A Possible Explanation for Non-responders, Responders and Super-responders to Biologics in Severe Asthma

People with severe asthma are often polysymptomatic with a variable frequency of non-respiratory symptoms. The majority of eligible patients respond well to biologic treatment. Two large studies found that 82–83% of patients are responders to omalizumab and two smaller studies found that 76–77% of patients are responders to mepolizumab. 

There are limited explanations for the variable response to biologics. In those patients who meet the criteria for raised eosinophilic or allergic biomarkers, higher levels of baseline biomarkers are associated with better response to a biologic
according to some studies but not others Greater severity, measured by recent past exacerbations also predict better outcome measured by exacerbations. In one study, age, obesity, comorbidities, smoking habits, nasal polyps, and allergic polysensitization were associated with reduced response toomalizumab.

The systemic network-wide inflammation, of which the target molecule is part, could lock the target molecule into an inflammatory state, thereby reducing the effectiveness of the biologic treatment that would otherwise reduce inflammation. Systemic inflammation is an indicator of poorly functioning network, i.e. network dysregulation, and is associated with a number of non-respiratory symptoms. As different target molecules and different inflammatory pathways are embedded in different ways in the overarching inflammatory network, the relationship between biologic and non-respiratory symptoms could be biologic-specific. 
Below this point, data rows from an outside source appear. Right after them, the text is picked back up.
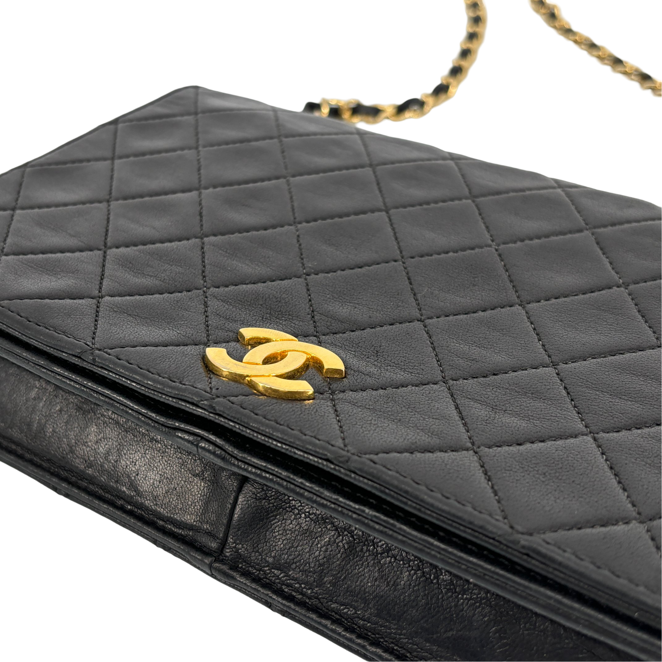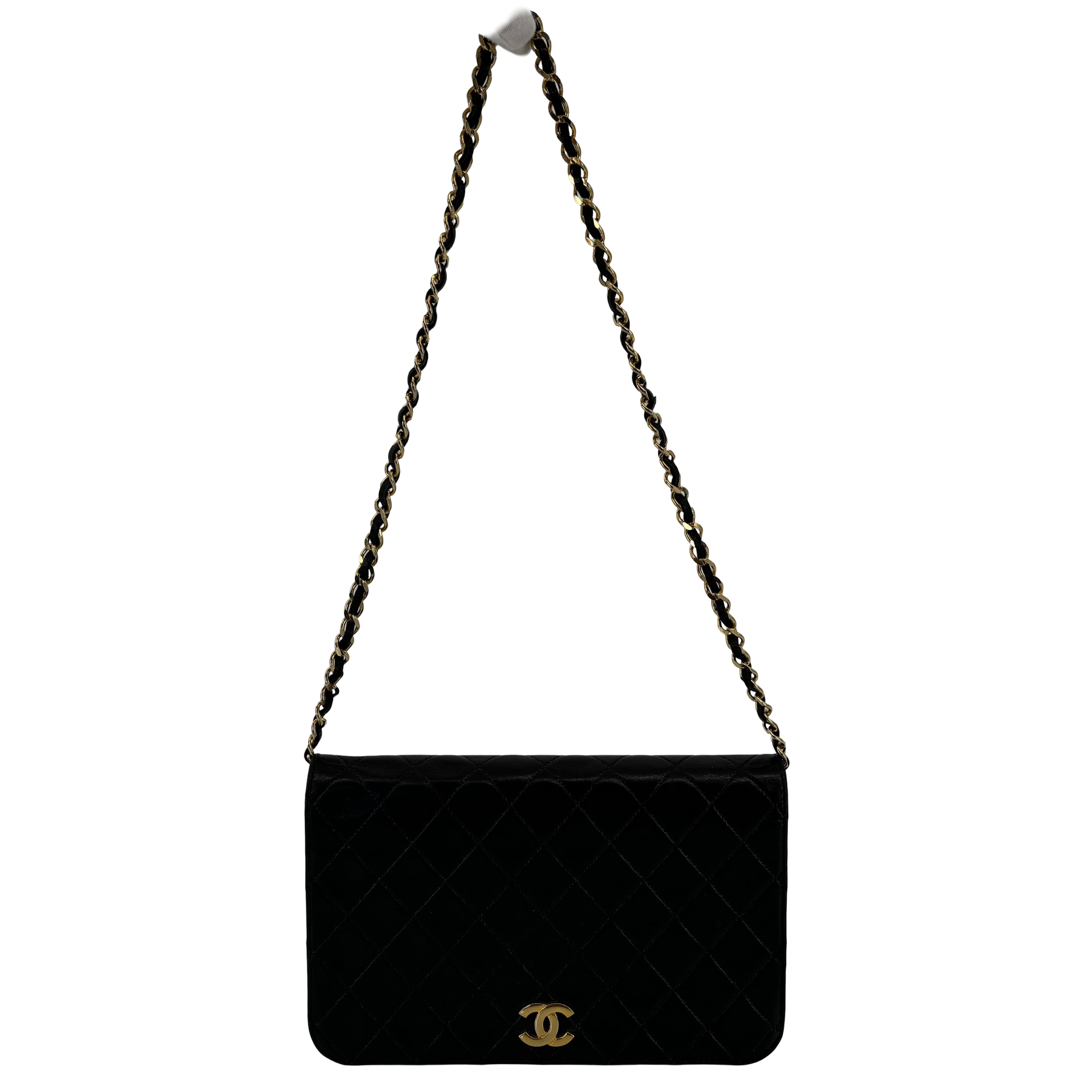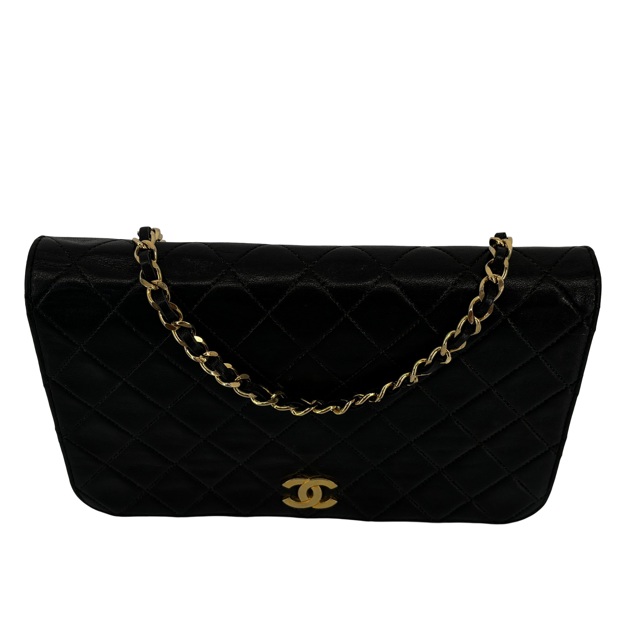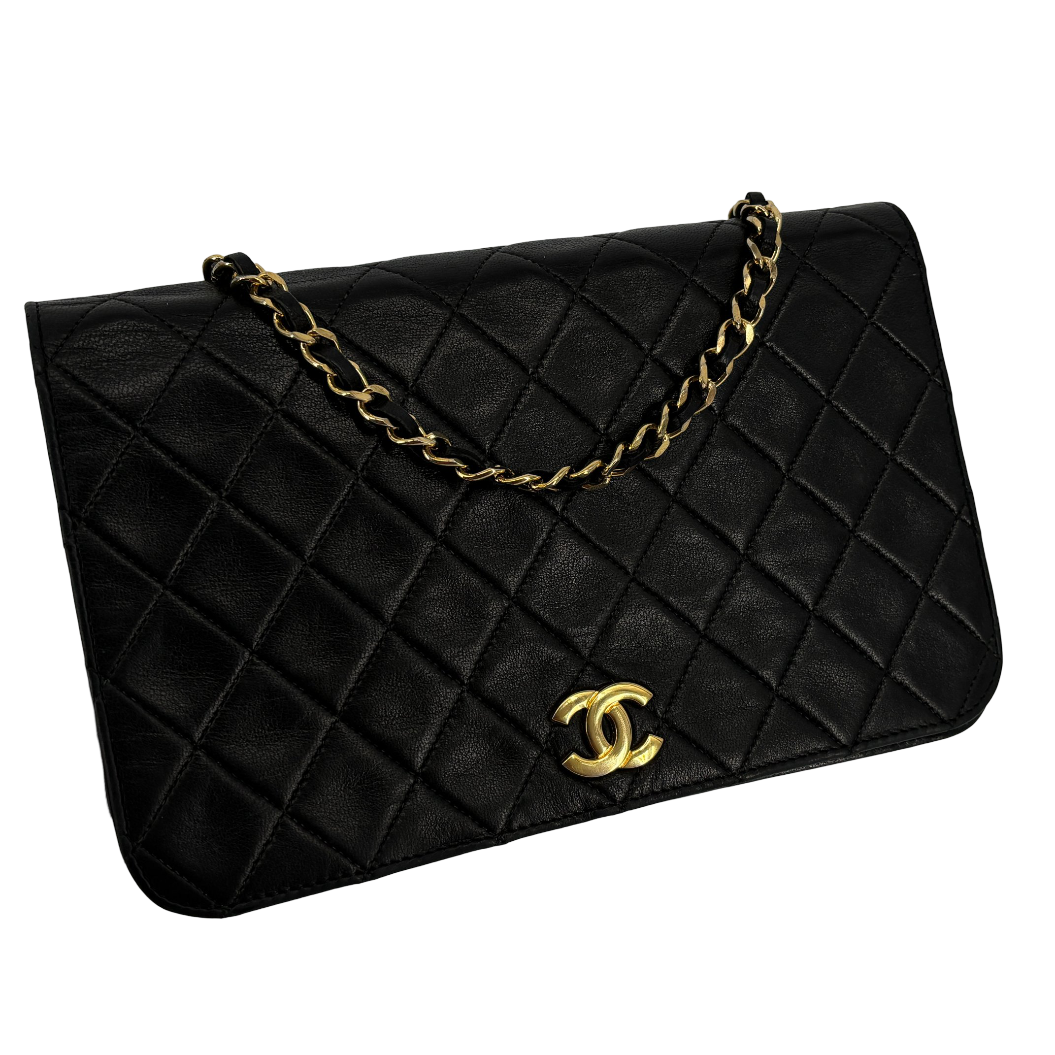 - Chanel Full Flap Bag Push-Lock Black Matelassé Leather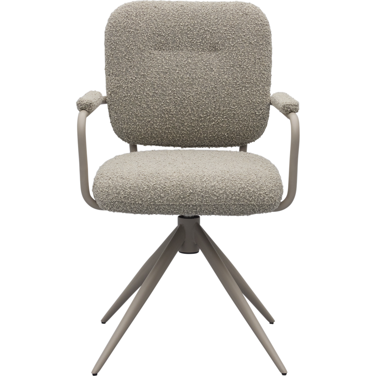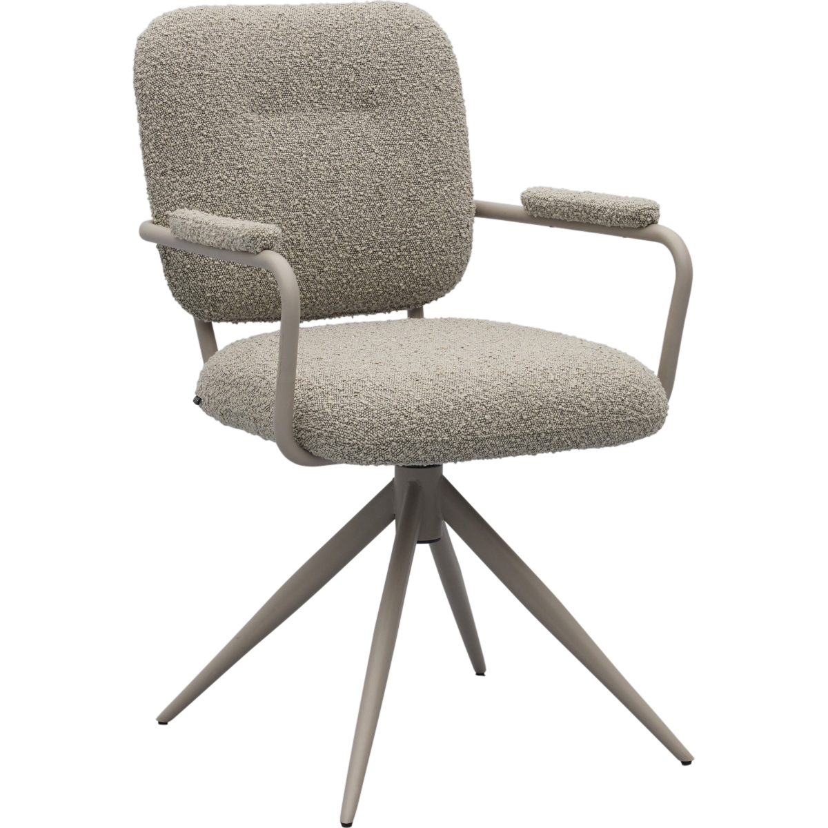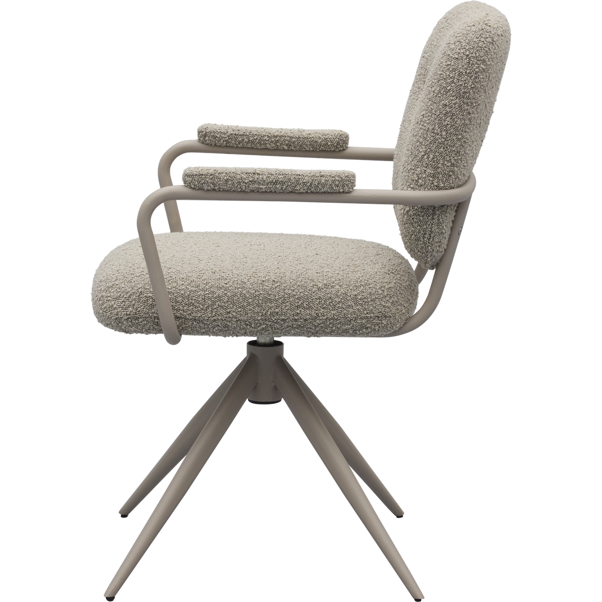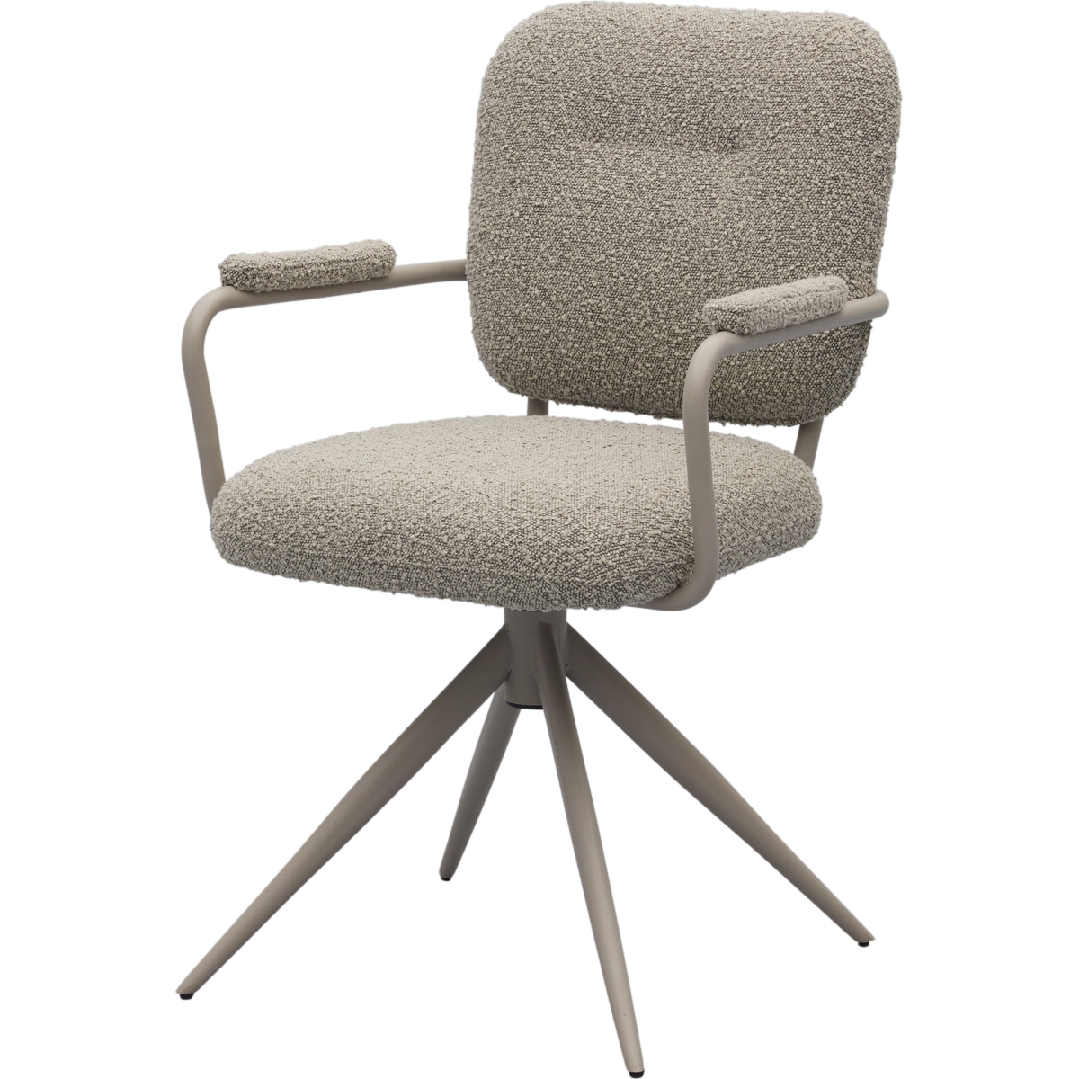 Eetkamerstoel Cielo van Trendhopper brengt een Scandinavische sfeervolle uitstraling naar de eethoek. De stoel is bekleed met een bouclé stof in een warme toffee bruine kleur, wat zorgt voor een zachte en uitnodigende look. In combinatie met het taupekleurige onderstel ontstaat een rustig en eigentijds geheel dat moeiteloos aansluit bij diverse interieurstijlen. De afgeronde vormen en subtiel beklede armleuningen dragen bij aan een comfortabele zit en een harmonieus geheel aan tafel.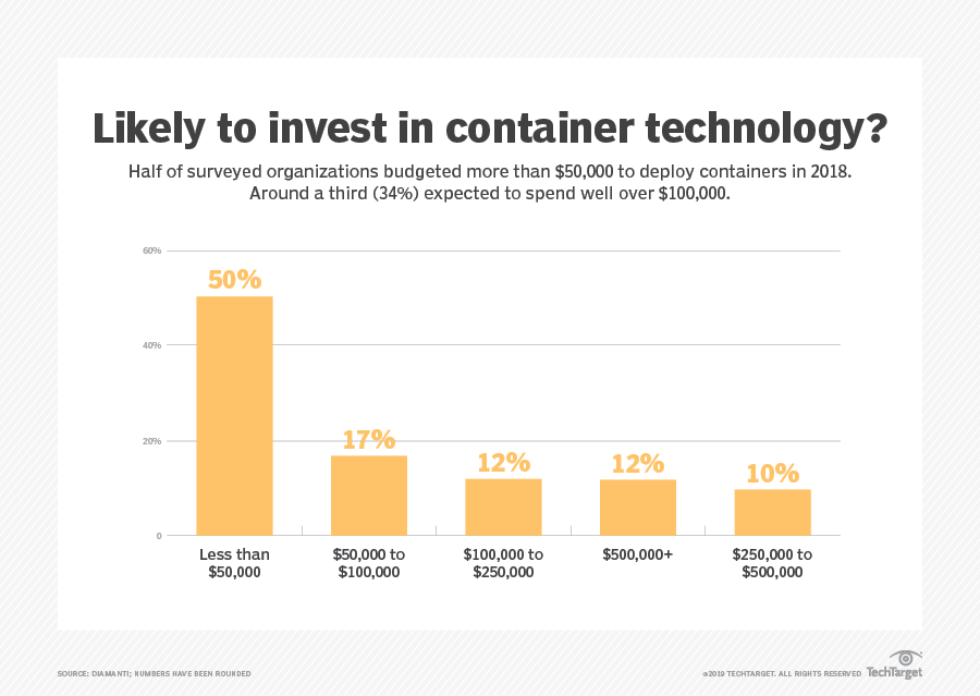 考虑一个容器部署计划,该计划在新的基础架构,角色和服务中投入100,000美元。 尽管就平均企业IT预算而言,10万美元并不是一笔巨大的数额,但绝大多数典型预算,大多数组织中的70%至80%,都用于持续运营而不是新投资。容器可能会占用新投资分配的很大一部分,甚至超过它,但是它们的采用是一个高优先级。 随着生产容器基础设施随着时间的推移而扩大,这个最初的重大成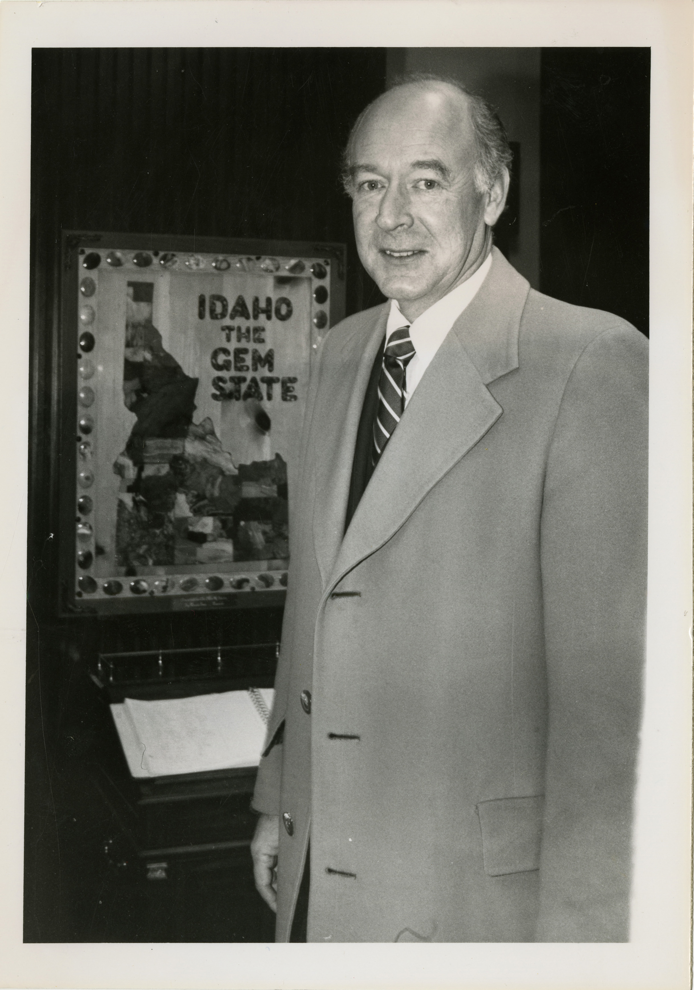 - Photo Description: Governor Andrus standing in front of a frame with an outline of Idaho and it says Idaho the Gem State. Text back translation "Governor Cecil D. Andrus" Notes read on back "2x5 Boise - Idaho Gov - Cecil D. Andrus"

If an inflammatory pathway forms part of a wider network, then any therapy will affect not only the inflammatory pathway but also the wider network. It is possible for this effect to be either positive or negative. Glucocorticoids have a wide-ranging
effect on the immune system, suppressing most cytokines, including anti-inflammatory cytokines.20 These wide-ranging effects are more likely to have a dysregulatory effect on a finely tuned network, leading to gradual adaptation that is pathogenic. The finding that systemic steroids often have an initial energizing effect on patients but have long-term widespread adverse consequences is consistent with network functionality. Immediate change to the state of the network caused by the steroid is followed by gradual change to the activation rules (the causal connections between the nodes of the network) leading to adaptation. The long-term adaptation caused by steroids (in contrast to the short-term changes) include psychological symptoms (e.g., depression, fatigue) and somatic symptoms (bone fractures, skin thinning). 

All therapies carry some risk of adverse side effects because they affect mechanisms in addition to the target pathway, and it is the effect on these other mechanisms that
could dysregulate the functioning of a biological network. However, because biologics have such a specific effect on the asthma inflammatory pathway, it is possible that these therapies can have a unique effect of reducing pathology in the network. Super-responders to biologic treatment experience benefit because there is a reduction in the distributed pathology of the network, i.e. reduced network dysregulation.Networks are complex systems of massive simultaneous causal connections. Depending on the initial state and depending on its inputs, networks can resolve into a particular
stable state. The state of a network is determined by its historical state, such that different states, or local minima, are possible.24 Change from one local minimum to another (e.g., a lower local minimum) will involve the network moving initially in the opposite direction (Fig. 2).

Let us suppose that networks vary in their level of dysregulation (high dysregulation = poor health, low dysregulation = good health), and that the level of dysregulation can be assessed by the number of non-respiratory symptoms. Let us suppose further that the network can adapt as a function of its inputs, therapeutic or pathogenic, so that dysregulation either increases or decreases. If the network is currently in one local minimum, then therapeutic change that leads the network to resolve into another, less
pathogenic local minimum will require the network to move initially in a more pathogenic direction. So, if therapy requires the network to change from one stable state to another less dysregulated state, then there should be an initial increase in non-respiratory symptoms before those symptoms reduce below the original level.